> INPUT DATA

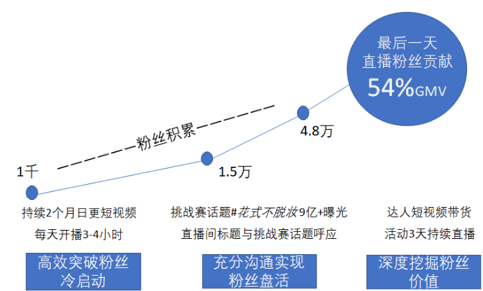 之后,發起#花式不脫妝#超級挑戰賽,期間直播間標題與挑戰賽話題呼應,迅速帶來3倍粉絲增長。
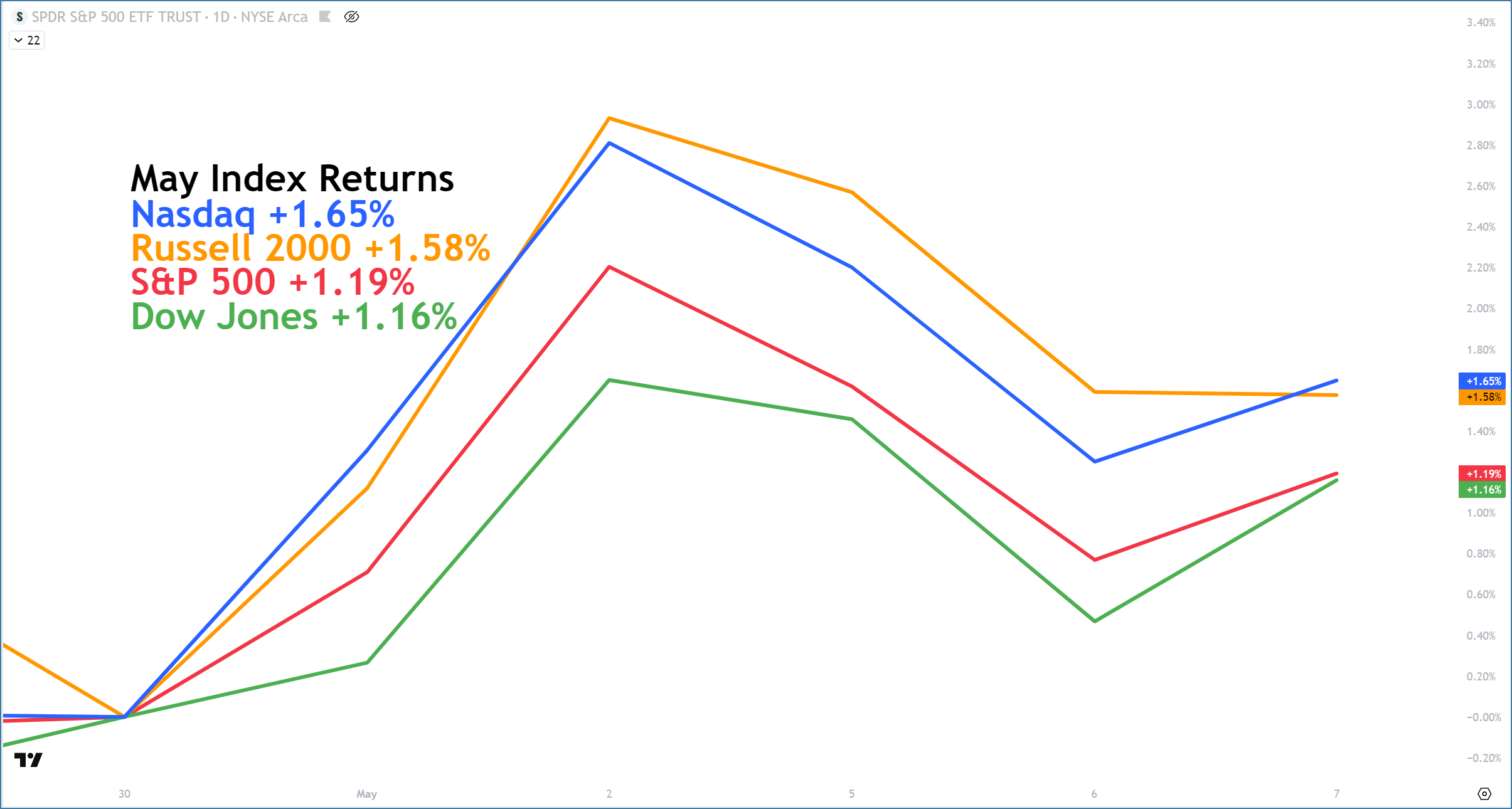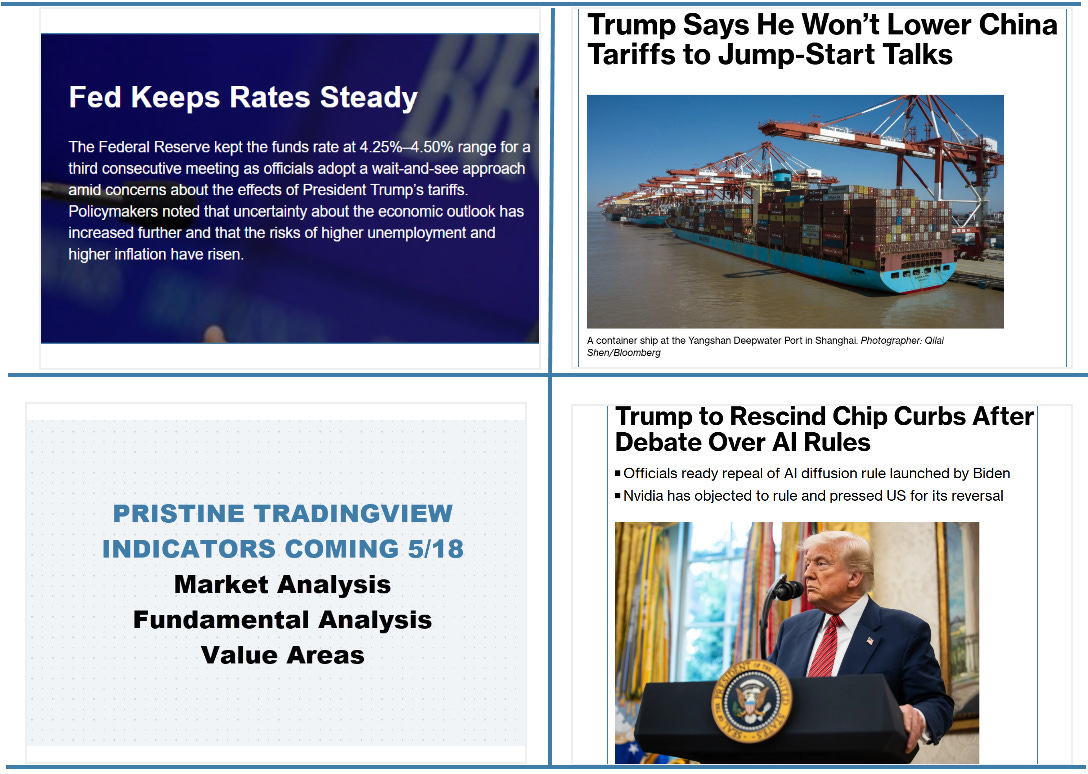 We found out last night that the US & China would negotiate trade on 5/8. Fed Wednesday came and went today. We also got news that Trump would ease semiconductors exports imposed during the Biden administration.
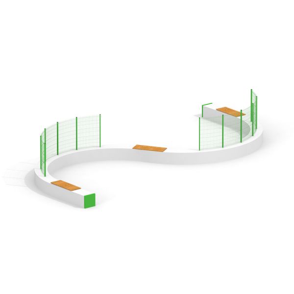 Den er konstrueret af højkvalitetsmaterialer, herunder stå og lerketræ, der sikrer holdbarhed og æstetisk appel. Pulverlakeret stål og beton yder ekstra beskyttelse mod elementerne, hvilket gør Multiarenaen ideel til udendørs anvendelse året rundt. De integrerede beskyttelsesnet og bænkedele forbedrer brugeroplevelsen ved at tilbyde sikre og behagelige områder til både tilskuere og spillere.
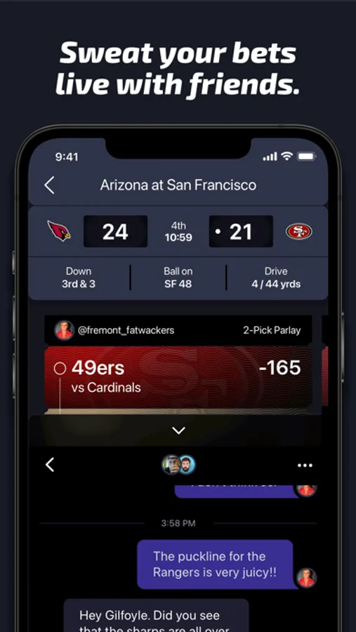 + Real-time betting alerts of your friend's bets or from pro bettors you are following
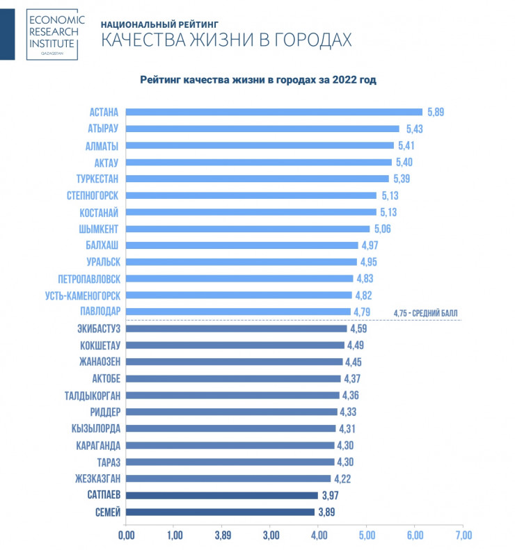 По итогам 2022 года Институт экономических исследований (ERI) подготовил Национальный рейтинг качества жизни в разрезе 25 городов Казахстана. Рейтинг включает 3 фактора: "Экономика и бизнес", "Человеческие ресурсы" и "Инфраструктура", передает корреспондент Tengrinews.kz.
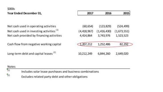 从年报的这张表可以看出,特斯拉完全依赖外部资本来维持业务,从运营中获得现金流的程度已经比去年有所改善,所有的改善都来自于临时营运资金来源,因为生产线上的项目都是赤字的。由于特斯拉没有盈利,它必须通过借贷来维持正常运营。上述表格的最后一行显示了这一点的最终影响,自2015年以来,某些债务负担从2.7亿美元增至10.2亿美元。
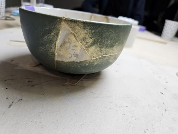 Enfin, vous viendrez ajouter au kintsugi une pièce issue d'une autre poterie, créant ainsi votre œuvre en yobitsugi.
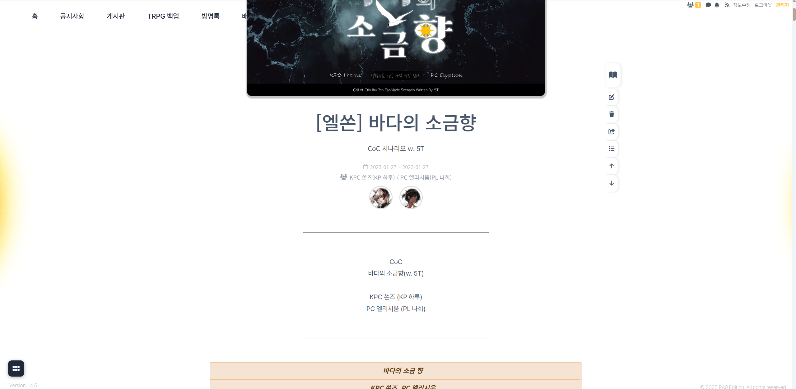 기존에는 티스토리를 이용해서 TRPG 백업을 했는데 요즘 여러 플랫폼들이 불안정해서 여러 모로 불안하던 차...
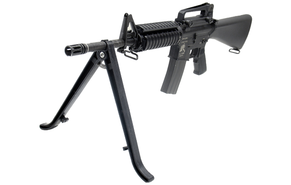 Это походные сошки для установки на ствол пневматического оружия диаметром от 18 мм до 23 мм. Сошки изготовлены из прочного, износостойкого, некорродирующего полиамида армированного кевларом марки Zytel(или проще – пластик ABS), благодаря чему имеют столь малый вес. Быстро отсоединяются и компактно складываются для транспортировки. Ножки сошек имеют скругленную форму на концах, рифленых для более устойчивого сцепления с поверхностью, не обрезиненные. Сошки нерегулируемые и имеют две высоты: в разложенном виде 254 мм и в сложенном 279 мм.
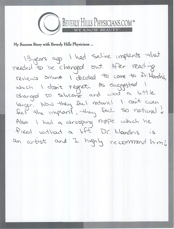 13 years ago I had Saline implants that needed to be changed out. After reading reviews online I decided to come to Dr. Mandris, which I don’t regret. As suggested I changed to silicone and went a little larger. Now they feel natural I can’t even feel the implant, they feel so natural! Also, I had a drooping nipple which he fixed without a lift. Dr. Mandris is an artist and I highly recommend him!
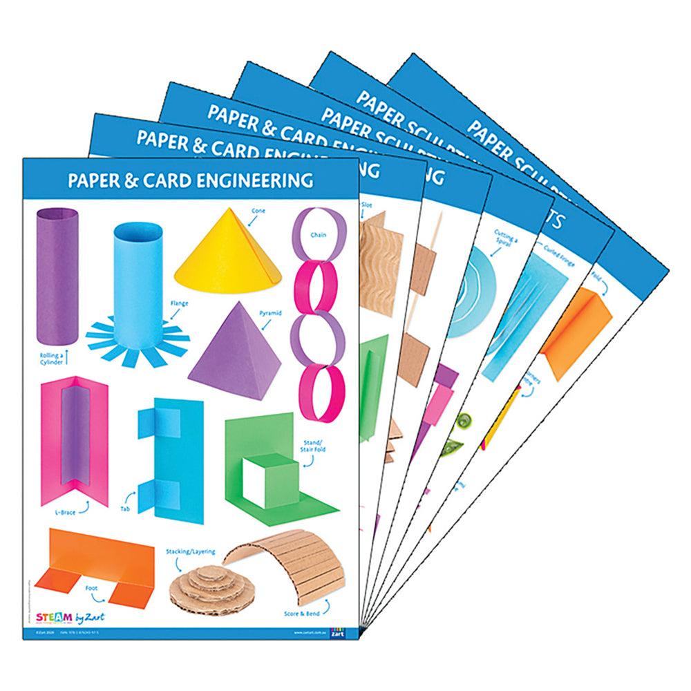 The "Paper and Cardboard: Skills and Construction" A2 Charts offer an engaging and informative way for students to learn about paper and cardboard-related crafts. These charts include six different ones, each focusing on a different aspect of working with paper and cardboard in the areas of sculpture, construction, and engineering.
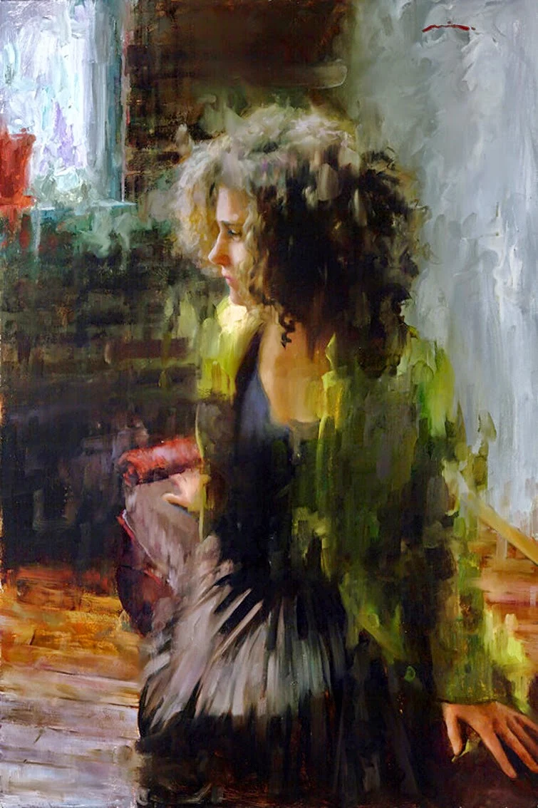 "When I was in school in Italy, I was constantly told I was better at getting an overall effect than I was at achieving detail. This was seen as a weakness, and I was also told I was a temperamental painter. For years I thought these two 'defects' would hurt my work. In the past year, I've really worked on making my vulnerabilities my strengths. Instead of denying that I am an erratic painter and that I like big, overall effects (like mood, for instance), I decided to accept those parts of me and even play them up in these paintings".
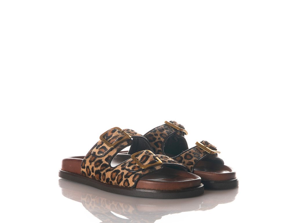 CARYATIS dámské pantofle s chlupem a leopardím vzorem kožené | 68005 BLACK-LEOPARD
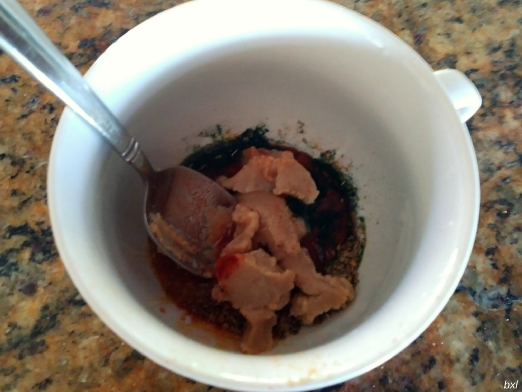 My miso soup is coming together and this is how I mix the spices and miso before pouring hot water over them. This is the cup I will drink out of which makes this a very easy way to make my soup and clean up later.
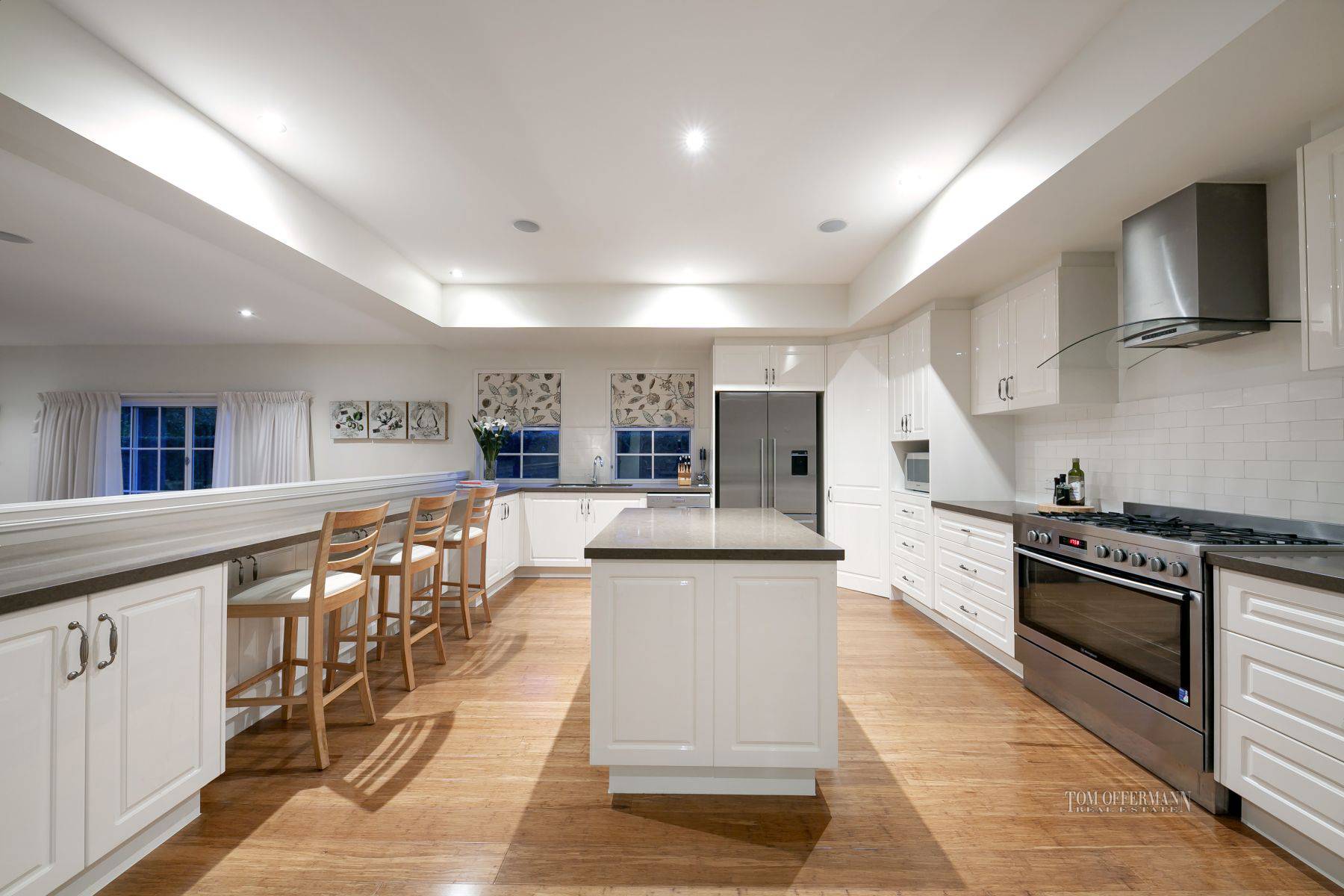 A wide entrance graces the threshold and emanates a feeling of generous proportions, continuing on, a stunning French country kitchen encapsulates a central plinth on one side of the overly large kitchen while informal dining compliments the other.
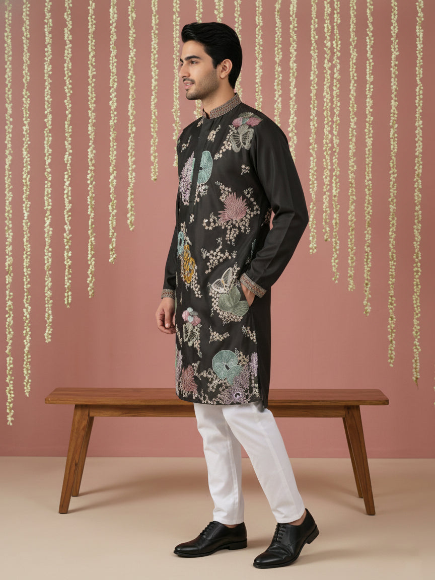 Black Silk Blend Embroidered Kurta Pyjama
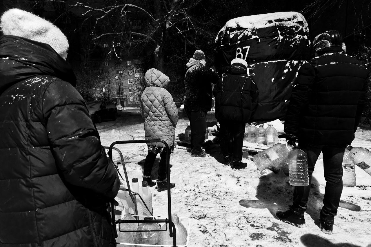 Мужчина расстегнул утепляющий чехол, постучал несколько раз по бочке и жестом дал понять, что воды осталось немного. За его спиной было десять человек с пустыми бутылками и ведрами. Люди все чаще поглядывали на снег.
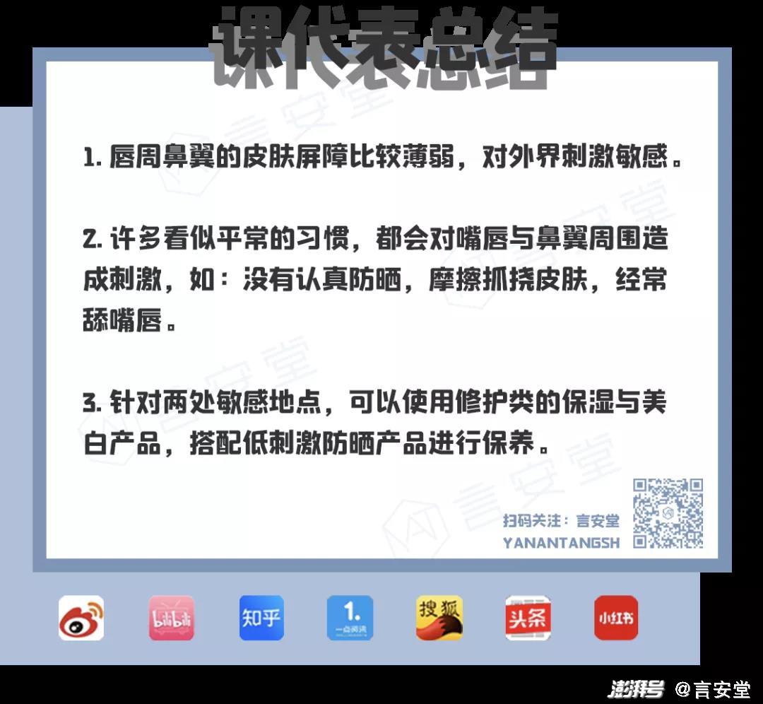 所以日常生活中,我们一边要尽可能避免外来刺激,比如不要舔嘴唇、扣鼻翼,一边要构建防御屏障,用保湿产品以及防晒霜,这样双管齐下,就可以让鼻翼、唇周远离暗沉啦。

> WHAT THE TASK ASKS
The reply must contain every entry above, exactly as written, and none of the pictures.

> RESULT FOR THIS TASK
 之后,發起#花式不脫妝#超級挑戰賽,期間直播間標題與挑戰賽話題呼應,迅速帶來3倍粉絲增長。
 We found out last night that the US & China would negotiate trade on 5/8. Fed Wednesday came and went today. We also got news that Trump would ease semiconductors exports imposed during the Biden administration.
 Den er konstrueret af højkvalitetsmaterialer, herunder stå og lerketræ, der sikrer holdbarhed og æstetisk appel. Pulverlakeret stål og beton yder ekstra beskyttelse mod elementerne, hvilket gør Multiarenaen ideel til udendørs anvendelse året rundt. De integrerede beskyttelsesnet og bænkedele forbedrer brugeroplevelsen ved at tilbyde sikre og behagelige områder til både tilskuere og spillere.
 + Real-time betting alerts of your friend's bets or from pro bettors you are following
 По итогам 2022 года Институт экономических исследований (ERI) подготовил Национальный рейтинг качества жизни в разрезе 25 городов Казахстана. Рейтинг включает 3 фактора: "Экономика и бизнес", "Человеческие ресурсы" и "Инфраструктура", передает корреспондент Tengrinews.kz.
 从年报的这张表可以看出,特斯拉完全依赖外部资本来维持业务,从运营中获得现金流的程度已经比去年有所改善,所有的改善都来自于临时营运资金来源,因为生产线上的项目都是赤字的。由于特斯拉没有盈利,它必须通过借贷来维持正常运营。上述表格的最后一行显示了这一点的最终影响,自2015年以来,某些债务负担从2.7亿美元增至10.2亿美元。
 Enfin, vous viendrez ajouter au kintsugi une pièce issue d'une autre poterie, créant ainsi votre œuvre en yobitsugi.
 기존에는 티스토리를 이용해서 TRPG 백업을 했는데 요즘 여러 플랫폼들이 불안정해서 여러 모로 불안하던 차...
 Это походные сошки для установки на ствол пневматического оружия диаметром от 18 мм до 23 мм. Сошки изготовлены из прочного, износостойкого, некорродирующего полиамида армированного кевларом марки Zytel(или проще – пластик ABS), благодаря чему имеют столь малый вес. Быстро отсоединяются и компактно складываются для транспортировки. Ножки сошек имеют скругленную форму на концах, рифленых для более устойчивого сцепления с поверхностью, не обрезиненные. Сошки нерегулируемые и имеют две высоты: в разложенном виде 254 мм и в сложенном 279 мм.
 13 years ago I had Saline implants that needed to be changed out. After reading reviews online I decided to come to Dr. Mandris, which I don’t regret. As suggested I changed to silicone and went a little larger. Now they feel natural I can’t even feel the implant, they feel so natural! Also, I had a drooping nipple which he fixed without a lift. Dr. Mandris is an artist and I highly recommend him!
 The "Paper and Cardboard: Skills and Construction" A2 Charts offer an engaging and informative way for students to learn about paper and cardboard-related crafts. These charts include six different ones, each focusing on a different aspect of working with paper and cardboard in the areas of sculpture, construction, and engineering.
 "When I was in school in Italy, I was constantly told I was better at getting an overall effect than I was at achieving detail. This was seen as a weakness, and I was also told I was a temperamental painter. For years I thought these two 'defects' would hurt my work. In the past year, I've really worked on making my vulnerabilities my strengths. Instead of denying that I am an erratic painter and that I like big, overall effects (like mood, for instance), I decided to accept those parts of me and even play them up in these paintings".
 CARYATIS dámské pantofle s chlupem a leopardím vzorem kožené | 68005 BLACK-LEOPARD
 My miso soup is coming together and this is how I mix the spices and miso before pouring hot water over them. This is the cup I will drink out of which makes this a very easy way to make my soup and clean up later.
 A wide entrance graces the threshold and emanates a feeling of generous proportions, continuing on, a stunning French country kitchen encapsulates a central plinth on one side of the overly large kitchen while informal dining compliments the other.
 Black Silk Blend Embroidered Kurta Pyjama
 Мужчина расстегнул утепляющий чехол, постучал несколько раз по бочке и жестом дал понять, что воды осталось немного. За его спиной было десять человек с пустыми бутылками и ведрами. Люди все чаще поглядывали на снег.
 所以日常生活中,我们一边要尽可能避免外来刺激,比如不要舔嘴唇、扣鼻翼,一边要构建防御屏障,用保湿产品以及防晒霜,这样双管齐下,就可以让鼻翼、唇周远离暗沉啦。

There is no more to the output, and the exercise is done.